After locating the line with "RMN, Siantar –" in the data that follows, return it and every later line exactly, up to and including the line with "袖丈27cm [キャミソール]着丈41cm バスト72cm".

Information given ::

________________________________________

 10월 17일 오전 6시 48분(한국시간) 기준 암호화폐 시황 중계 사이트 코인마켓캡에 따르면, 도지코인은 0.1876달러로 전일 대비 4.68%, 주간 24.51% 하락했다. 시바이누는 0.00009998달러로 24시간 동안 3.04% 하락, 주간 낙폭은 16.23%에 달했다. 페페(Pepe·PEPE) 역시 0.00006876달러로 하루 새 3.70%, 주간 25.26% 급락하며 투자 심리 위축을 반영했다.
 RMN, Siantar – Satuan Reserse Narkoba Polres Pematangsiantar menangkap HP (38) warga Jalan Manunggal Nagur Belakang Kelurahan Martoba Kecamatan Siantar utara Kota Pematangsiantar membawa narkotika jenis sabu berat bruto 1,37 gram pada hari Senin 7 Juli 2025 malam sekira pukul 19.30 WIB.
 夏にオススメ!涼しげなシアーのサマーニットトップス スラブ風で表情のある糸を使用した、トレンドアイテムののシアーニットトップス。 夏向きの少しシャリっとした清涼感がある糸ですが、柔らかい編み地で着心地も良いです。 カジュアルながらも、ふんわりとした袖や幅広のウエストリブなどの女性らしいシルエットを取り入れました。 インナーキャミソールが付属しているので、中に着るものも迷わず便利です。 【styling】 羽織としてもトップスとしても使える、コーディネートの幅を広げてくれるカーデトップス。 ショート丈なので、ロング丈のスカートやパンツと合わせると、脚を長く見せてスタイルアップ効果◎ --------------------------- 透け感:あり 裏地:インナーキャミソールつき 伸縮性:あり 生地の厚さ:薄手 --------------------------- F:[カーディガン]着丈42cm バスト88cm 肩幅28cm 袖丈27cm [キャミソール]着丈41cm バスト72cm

________________________________________

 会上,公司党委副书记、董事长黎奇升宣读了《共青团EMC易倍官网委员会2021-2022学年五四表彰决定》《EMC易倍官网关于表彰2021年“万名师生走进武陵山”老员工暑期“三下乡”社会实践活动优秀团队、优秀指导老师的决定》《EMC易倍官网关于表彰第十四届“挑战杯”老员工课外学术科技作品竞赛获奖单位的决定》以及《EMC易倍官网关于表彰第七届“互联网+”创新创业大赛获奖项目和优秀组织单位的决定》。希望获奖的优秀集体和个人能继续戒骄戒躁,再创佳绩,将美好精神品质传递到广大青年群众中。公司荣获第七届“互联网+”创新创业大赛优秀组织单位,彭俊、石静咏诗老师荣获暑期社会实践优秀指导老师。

________________________________________

Exercise output ::
 RMN, Siantar – Satuan Reserse Narkoba Polres Pematangsiantar menangkap HP (38) warga Jalan Manunggal Nagur Belakang Kelurahan Martoba Kecamatan Siantar utara Kota Pematangsiantar membawa narkotika jenis sabu berat bruto 1,37 gram pada hari Senin 7 Juli 2025 malam sekira pukul 19.30 WIB.
 夏にオススメ!涼しげなシアーのサマーニットトップス スラブ風で表情のある糸を使用した、トレンドアイテムののシアーニットトップス。 夏向きの少しシャリっとした清涼感がある糸ですが、柔らかい編み地で着心地も良いです。 カジュアルながらも、ふんわりとした袖や幅広のウエストリブなどの女性らしいシルエットを取り入れました。 インナーキャミソールが付属しているので、中に着るものも迷わず便利です。 【styling】 羽織としてもトップスとしても使える、コーディネートの幅を広げてくれるカーデトップス。 ショート丈なので、ロング丈のスカートやパンツと合わせると、脚を長く見せてスタイルアップ効果◎ --------------------------- 透け感:あり 裏地:インナーキャミソールつき 伸縮性:あり 生地の厚さ:薄手 --------------------------- F:[カーディガン]着丈42cm バスト88cm 肩幅28cm 袖丈27cm [キャミソール]着丈41cm バスト72cm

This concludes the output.